Alloyed Ductile iron, austenitized at 840 °C for 30 min in a special sealed austempering furnace, was austempered for 30 min in molten salt mixture at 4 trial temperatures of 300 °C, 320 °C, 340 °C and 360 °C. Tensile strength, yield strength, percentage elongation and impact energy were evaluated for the as-cast and austempered samples. Microstructures were investigated using microscopy, coupled with analyzing software and a scanning electron microscopy. The specific wear of samples was tested using pin-on-disc wear testing machine. X-ray diffraction was performed to calculate the amount of retained austenite present in the ausferrite matrix. As-cast microstructure consists of ferrite and pearlite, whereas austempered ductile iron (ADI) contains a mixture of acicular ferrite and carbon enriched austenite, called “ausferrite”. Hardness and strength decreased, whereas ductility and impact strength improved with an increase in the austempering temperature. XRD analysis revealed that the increase in austempering temperature increased the retained austenite content. A decrease in wear resistance with austempering temperature was observed. Modified Quality Index (MQI) values were envisaged, incorporating tensile strength, elongation and wear resistance. MQI for samples austempered at 340 °C and 360 °C showed a better combination of properties. About an 8% reduction in energy consumption was gained when the heat treatment parameters were optimized.

1. Introduction

Austempered ductile cast iron (ADI) has gained more attention due to its exceptionally good blend of low cost, high strength-to-weight ratio, toughness, fatigue strength, and wear resistance, as it contains carbon-stabilized austenite, together with acicular ferrite [1]. Its microstructure could be modified through the change in alloying additions and heat treatment parameters [2]. Alloying is carried out to provide required hardenability [3]. During bainitic reactions, formation of carbides is minimized by the silicon content present in the ductile iron. Allowing carbon deposition into the austenitic matrix results in the formation of ferrite with low carbon solubility [4]. Carbon is deposited in austenite until this phase become stable at room temperature [5]. This is called primary reaction (or stage I) when austenite (γ) changes into carbon-stabilized austenite (γ_hc) and ferrite (α). If the primary reaction takes place for more time, then a secondary reaction (stage II) starts, wherein γ_hc changes into brittle carbide and ferrite, thus bringing down the properties of castings [6].

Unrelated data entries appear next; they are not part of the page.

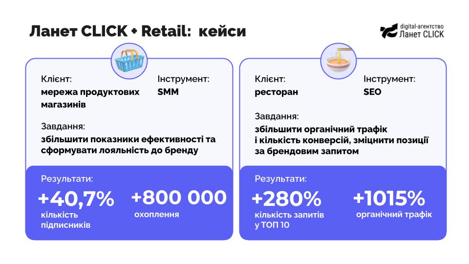 У сфері ритейлу фахівцям агенції довелося стикнутися з дуже різними завданнями. Так, ритейлери хоч і зосереджені на роботі фізичних торгових точок, але вони активно шукають можливості ефективно застосовувати онлайн-інструментарій для розширення своєї аудиторії. Інколи як самостійний канал продажів (інтернет-магазин), а інколи – для посилення відвідуваності звичайних магазинів. Відповідно різняться й методи реалізації.
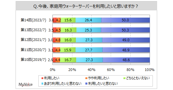 ウォーターサーバーの利用意向者は、「利用したい」「やや利用したい」を合わせて8.0%です。
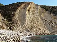The southern limit is located at an elevation south of Arrábida (at the Arrábida fault) and the southern limit corresponds to the watershed transition situated more to the north.[2][4] In addition to these faults, there are also faults with variable directions between east-west and northeast-southwest, that divide the basin into different tectonic-sedimentary areas, that could have influenced sediment deposition during Mesozoic.[2][4] The BL is filled with sediments between the late Triassic and late Cretaceous, including alternating layers of marine carbonates, clastic carbonate coastal sediments, fluvial and estuarine siliciclastic deposits, among others.[2]
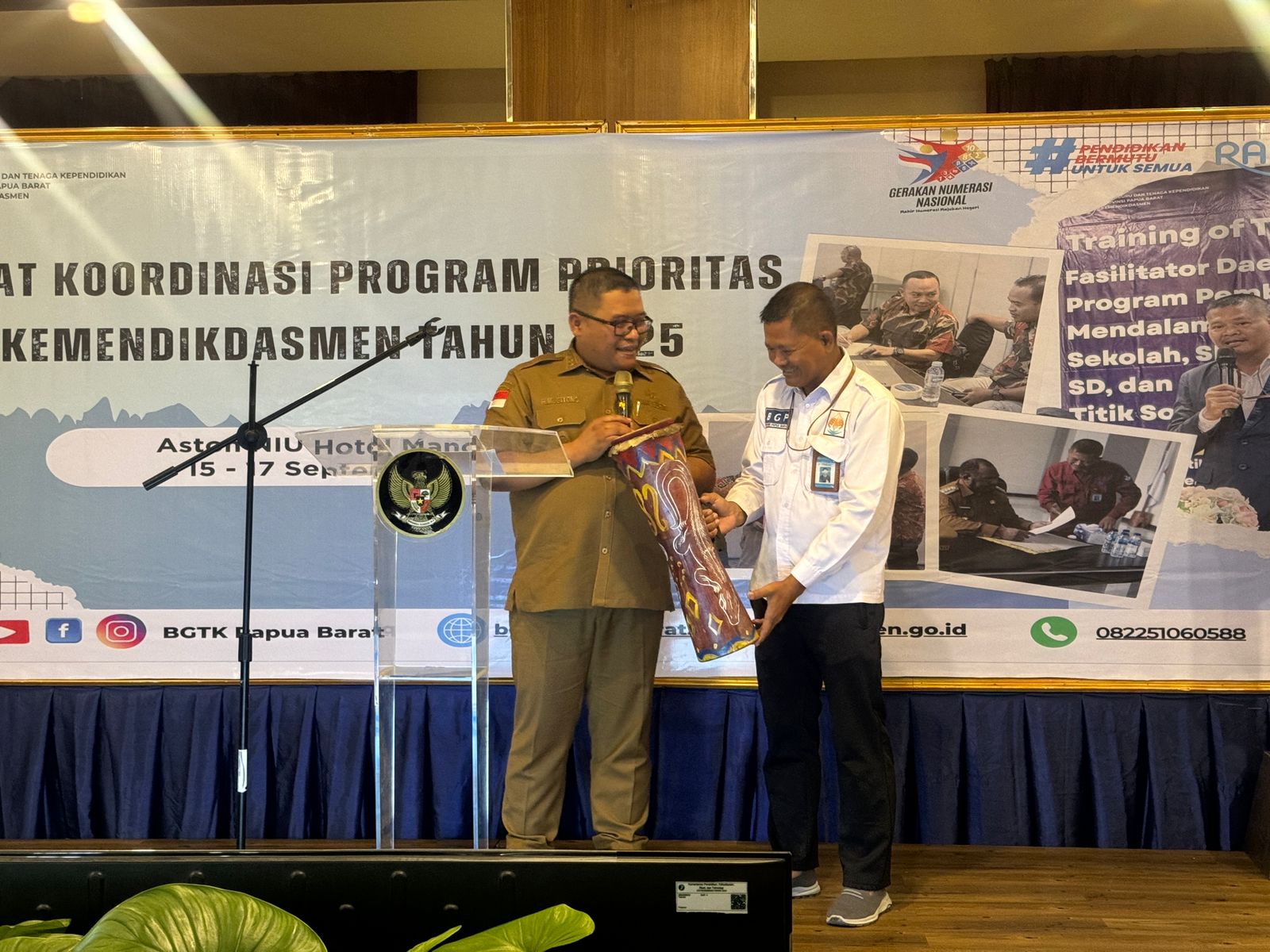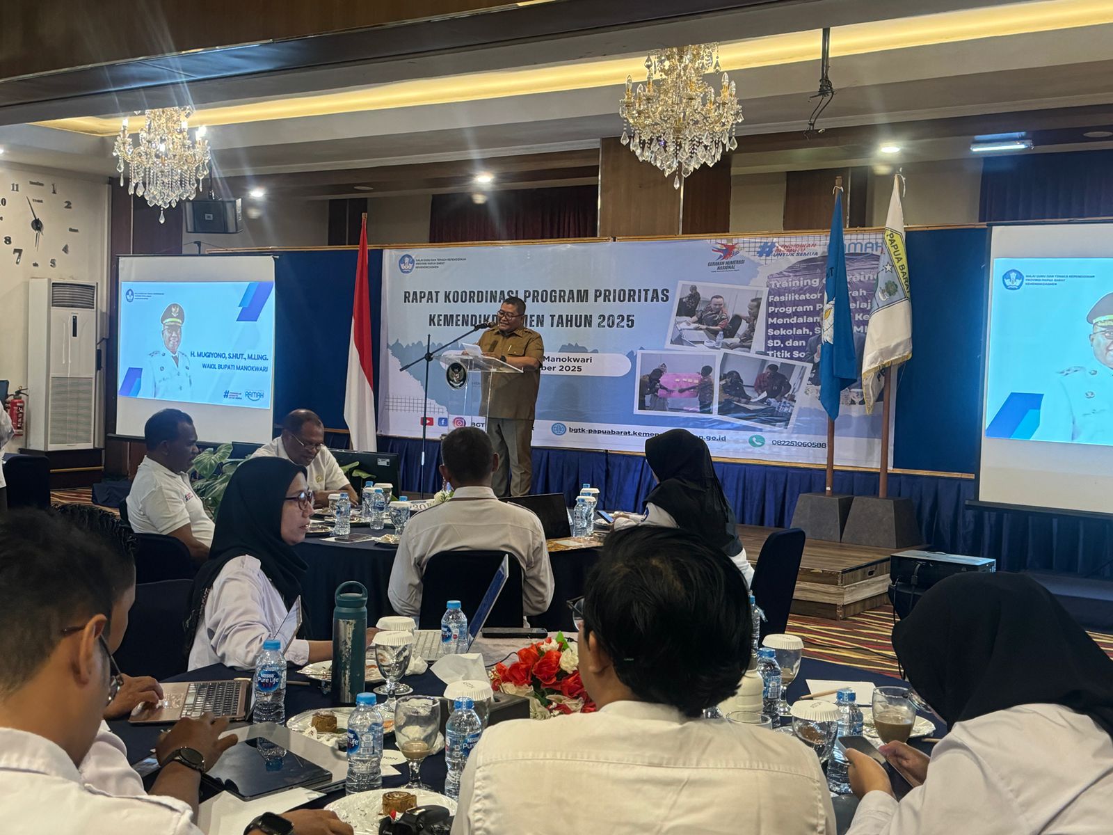 MANOKWARI, SURYA ARFAK – Wakil Bupati Manokwari, H. Mugiyono, membuka rapat koordinasi Program Prioritas Kementerian Pendidikan Dasar dan Menengah (Kemendikdasmen), Senin (15/9/2025). Rapat tersebut untuk menyatukan visi dan misi, menyelaraskan program dan kegiatan, serta memperkuat sinergi antara Dinas Pendidikan Provinsi Papua Barat dan Dinas Pendidikan Kabupaten Manokwari.
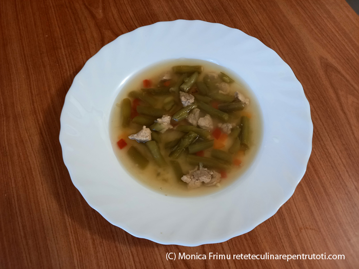 Curățăm usturoiul, ghimbirul și tăiem mărunt. Tăiem carnea cubulețe. Clocotim apa cu concentratul de supă, punem fasolea verde și fierbem 5 minute. Adăugăm carnea, usturoiul, ghimbirul și fierbem 15 minute. Punem ardeiul și gătim 3 minute. Presărăm praful de borș, amestecăm și fierbem 3 minute. Porționăm și servim.
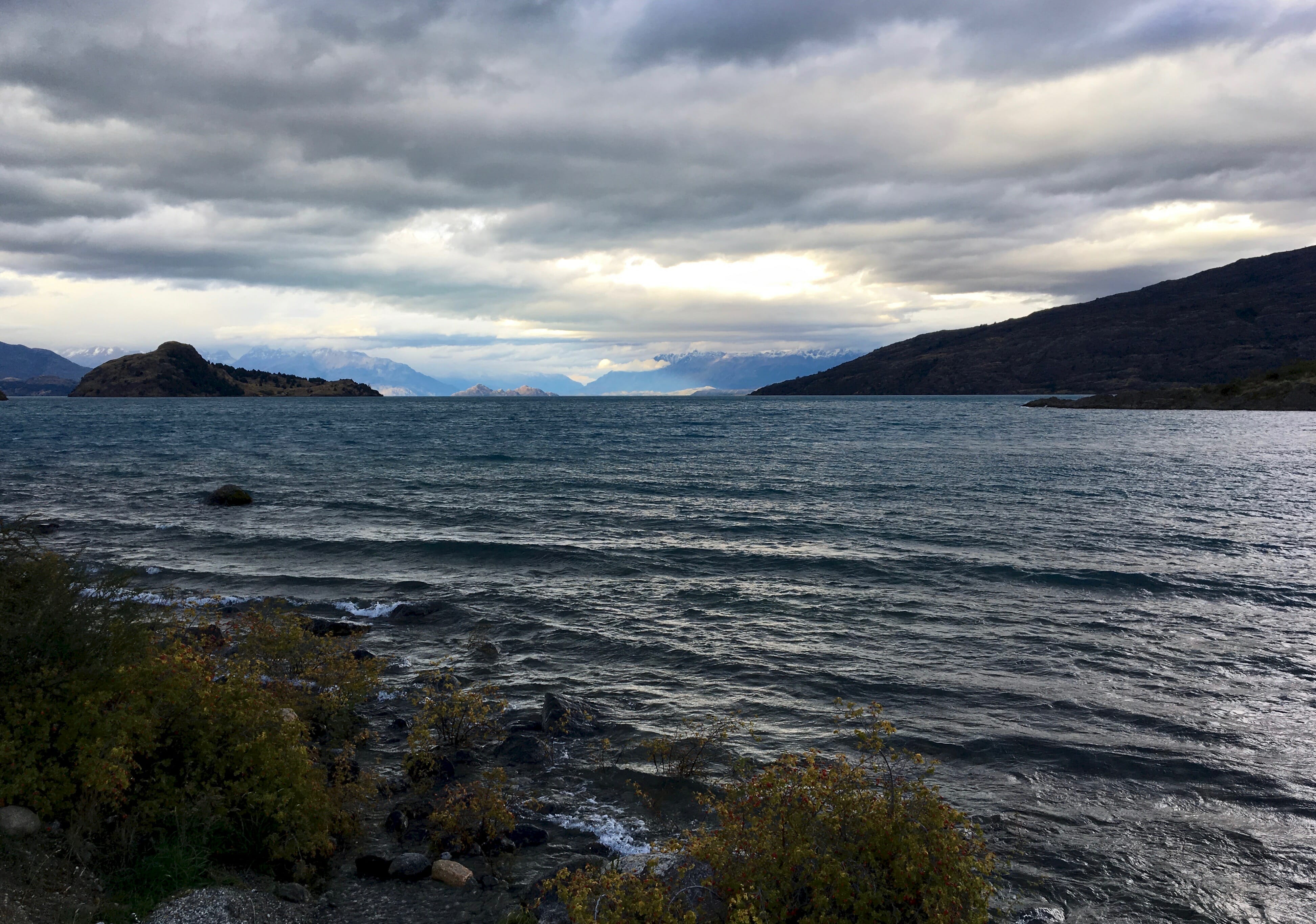 … until reaching the picturesque blue waters of Lago General Carrera at Bahía Murta. Just past this expansive lake lies Lago Bertrand, with the mountains of Parque Nacional Laguna San Rafael on its other side (and looking particularly moody on this afternoon).
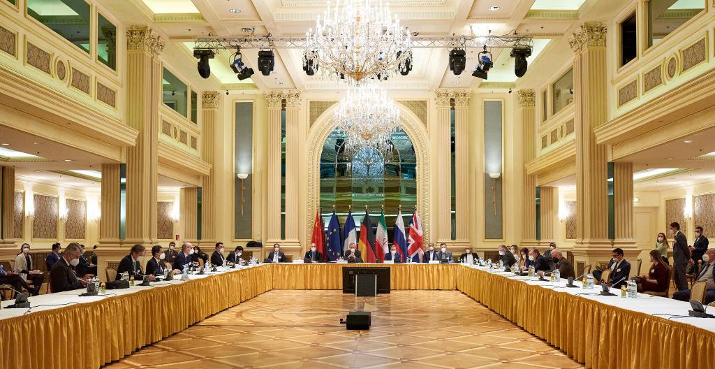 这是4月6日在奥地利首都维也纳举行的伊朗核问题全面协议相关方会议,会议讨论美伊恢复履约问题。(新华社发)

In recent years, applications of ADI for heavy section castings have been increasing significantly [7]. An increased casting section size results in a decreased cooling rate and hence increases the difficulty of getting the required microstructures. The nodule count also decreases with larger section thicknesses [8]. Imperfections, like micro shrinkage, voids, graphite deterioration, carbide development and alloying elements segregation also form [9]. Thus, to avoid or reduce the elemental segregation, it is necessary to monitor the casting variables, such as treatment of hot metal, inoculation, tapping and pouring temperature, gating and feeding system. Among these variables, heat treatment parameters of austenitizing time and temperature and austempering time and temperature play a significant part in deciding the final microstructure [10,11].

Austenitizing Temperature: An increase in the austenitizing temperature increases its hardenability at the cost of making phase transformation more complicated, which results in reduced mechanical properties [12]. A decrease in the austenitizing temperature mostly makes ADI with the best properties [13].

Austenitizing Time: This is the least time needed to heat the complete section to the required temperature [14]. The chemistry of the metal, the austenitizing temperature and the nodule count influences the austenitizing time.

Austempering Temperature: To make ADI with low strength and hardness, but high elongation and fracture toughness, a high austempering temperature of 350–400 °C is chosen, as this generates higher amounts of carbon-stabilized austenite (20–40%) [15], whereas, when a low austempering temperature of <350 °C is selected, this results in high strength and wear resistance but low fracture toughness [16].

Austempering Time: If the austempering time is short, the final structure exhibits high hardness but low fracture toughness and ductility. If the austempering time is too long, then it promotes the secondary reaction and results in lower strength, ductility and fracture toughness [17]. At the highest austempering temperature (400 °C), just half an hour is sufficient to produce ausferrite; however more time, (roughly 4 h) is needed to produce the best combination of properties at the lowest austempering temperature (230 °C) [18].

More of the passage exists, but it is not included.